Hey dad! Dont worry about it, it's all good. I did enjoy the other emails you sent me, especially that scripture. This week went by so fast it feels like last monday was just yesterday. Sundays are normal days except for going to church. The rest is working like normal.
I kinda miss the cold. Not that I dont like being here in the coast but I think I like the cold more than the heat.
I really like that idea of a funeral and sacrament meeting. I think I might share that idea with the people here.
Sometimes I get the thought that I'm not doing good enough as a missionary. I think that is just satan trying to make me feel bad. But I'm also always trying to know what I need to do better. I'm also trying to develop a greater love for this work and being a missionary. I think I need to focus on staying positive and asking God to help me develop more of this love.
Well I love you too!
Hey Mom, I am feeling a bit better today. I've kinda just been feeling an overall gross feeling. Some days are better than others, but I think I've been getting sick more often because of the lack of exercise. Back at home I was in shape because of running and that helps your immune system work better. I haven't been doing very much exercising here, so I think my body is just overall not very healthy. So now I have a goal of doing more exercises and doing them every day. I might even go running a few days of the week if I can convince my companion to come with me.

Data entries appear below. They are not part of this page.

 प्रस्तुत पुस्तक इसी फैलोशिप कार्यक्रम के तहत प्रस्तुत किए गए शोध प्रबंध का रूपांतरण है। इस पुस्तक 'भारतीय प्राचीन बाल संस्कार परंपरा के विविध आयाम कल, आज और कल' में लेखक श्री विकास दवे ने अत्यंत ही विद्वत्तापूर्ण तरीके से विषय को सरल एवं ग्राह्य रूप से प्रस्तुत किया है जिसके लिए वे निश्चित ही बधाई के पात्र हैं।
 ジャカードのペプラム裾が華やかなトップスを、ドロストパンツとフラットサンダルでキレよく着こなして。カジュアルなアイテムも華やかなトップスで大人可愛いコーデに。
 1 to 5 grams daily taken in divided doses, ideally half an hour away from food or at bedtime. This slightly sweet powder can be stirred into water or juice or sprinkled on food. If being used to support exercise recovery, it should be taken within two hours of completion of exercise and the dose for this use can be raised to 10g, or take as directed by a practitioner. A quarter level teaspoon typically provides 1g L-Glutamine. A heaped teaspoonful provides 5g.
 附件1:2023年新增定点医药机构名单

The mission will no longer reimburse stolen money. I think it's because some missionaries have faked getting robbed just to get more money. We havn't been able to find a new apartment yet. There aren't very many houses here for rent. And even less that are suitable for missionaries to live in. So we are still looking.
Wow that's a ton of sisters. Yesterday the sacrament room was completely full and there were about 180 people there. Good job for doing a good job being the relief society president!
Yesterday I had a great moment of joy at church when I realized that 9 of our investigators came to church. With just one investigator coming to church I feel very happy, but with nine it's even better. I really do love being a missionary and helping people come to Christ. Sometimes I think I'm not a good missionary or that I rather not be here, but I think that is just satan trying to get me to give up. But I really do want to be a great/consecrated missionary. Sometimes, well basically always, it's hard to keep trying your best. But with that comparison to running a race I realized that that is just normal. It's impossible to run a race without being tired during it, or without the thought of just slowing down. But the successful runners are those who don't pay attention to those kinds of thoughts, they keep giving 100% no matter what happens. I think I can apply that more to me in my life as a missionary.
Yay for Emma making it in a play! That's super duper cool.
Today we had an awesome, ecuadorian coast jungle adventure. A member here owns a bunch of land where he grows palm trees to get some type of fruit. In that land there are a bunch of rivers and thick jungle. So today we explored that a bit with him and even went fishing with just fishing line, a hook and a worm (I had no success). I will include some pics.
Well that's it for now! I love you mom! And everyone else.
This river is called the river "¿que racemes?"